Anybody from any organisational department, be it finance, medicine, among others, can use the risk analysis matrix without much ado. It is a very concise and user-friendly technique for information gathering, used to prioritise, palliate and develop readiness, response, and rebound plans for any risk event within an organisation.
Talbot (n. d) notes that, a risk matrix provides some consistency to prioritising risks, and presents more complex risk data in a succinct manner (n. page). This is only conceivable in instances where the risk analysis matrix is able to rank various risk events into different risk classes. For instance, those risks that have been classified in a higher category in the risk analysis matrix cannot, at the same time be classified anywhere else.
Disadvantages of using the risk Matrix approach in Risk management
Cox (2008), has explained that, although most risk management consultants and professionals tend to believe that risk matrices are beneficial in differentiating, though qualitatively, between urgent and less urgent classes of risks, only a limited number of empirical or theoretical studies have been carried out to reiterate these notion.
Kailash (2007) identifies the following setbacks of risk matrix analysis:
First, there is the limitation of poor resolution; – this is where there is an impossibility to rank risks which fall within the same qualitative rating. A risk analysis matrix tends to append imprecision to risk analysis, since it basically classifies a wide range of risk cases into one class, making it inconceivable to further rank them within their own subcategory. This has the implication that such grouped risks will be treated equally, the level of urgency that will be assigned to them, and organisational impact will be taken to be similar, though in reality, it might not be the case.
Secondly, there are ranking errors. Cox (2008) explains that ranking errors occur where a risk analysis matrix assigns a higher qualitative ranking to a lower quantitative risk. This phenomenon arises, as Hubbard (2009) notes, in instances where verbal scales are interpreted differently by various people (n. page). As such, verbal scales tend to add inaccuracies, resulting in lack of uniformity and consistency in the results arrived at.
The terminologies used to describe the ratings such as; frequent, probable, occasional, remote and improbable among others are usually interpreted to convey varied meanings, for different people. As Carey & Burgman (2008), explain these variations in assigning different meanings to the same words, may lead to possible arbitrary disagreements and inconsistent results among users. Notably so, descriptive words for hazards may be differently construed leading to discrepant results, which are otherwise expected to be similar.
Further still, risk matrix analysis does not give the total risk level of a particular hazard, but can only be used to categorise the hazards into vaarious risk groupings. Thus, the risk analysis matrix, if used in isolation, might not be of adequate assistance.
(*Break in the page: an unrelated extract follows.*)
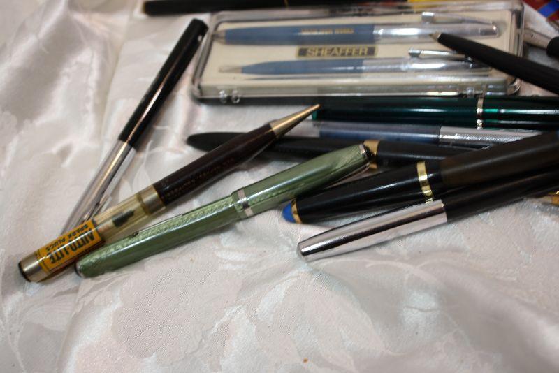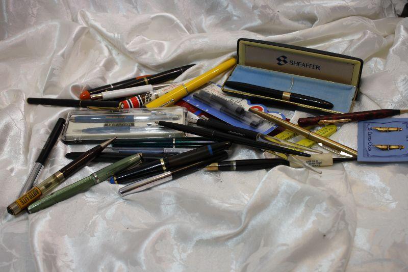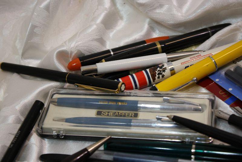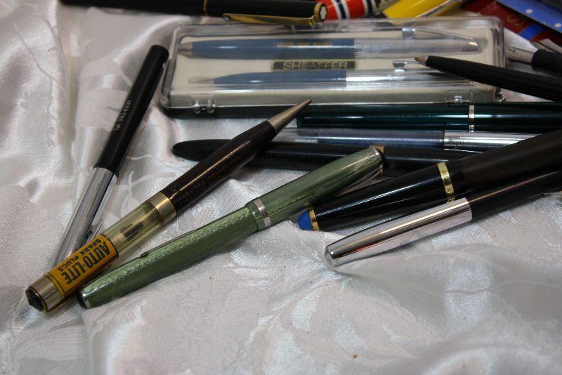 Mixed pen lot, lots of Sheaffer including 1 14nib, a thin MontBlanc fountain pen (nib looks bent to me), Estebrook, some cool advertising pens.

Every person involved in ranking hazards, will usually exhibit personal opinions, character traits and attitudes in ranking various hazards. Majority of these individuals are prejudiced and will, in most instances pre-judge events instead of objectively analysing facts when faced with a particular set of information for decision making.
Proper and rational decision making can only be ocnceivable where judgements are adequately grounded on observable phenomena which is void of any emotional and personal perceptions. Cox (2008) notes that, the limitations of risk analysis matrices includes the fact that, scoring methods do not consider the very important aspect of correlation among various risk factors. The correlations that may be existing among different risk events, if ignored will adversely affect decision making.
This calls for risk managers to conduct an in-depth analysis of correlations among the risk factors, before deciding on the risk categorisations and ratings. However, correlation analysis is a specialised exercise that can only be carried out by individuals with adequate knowledge and proficiency in quantitative risk analysis methodologies. This therefore , means that risk analysis will only be the preserve of quantitative risk analysis experts and not any other person, as proponents of the risk analysis matrix think.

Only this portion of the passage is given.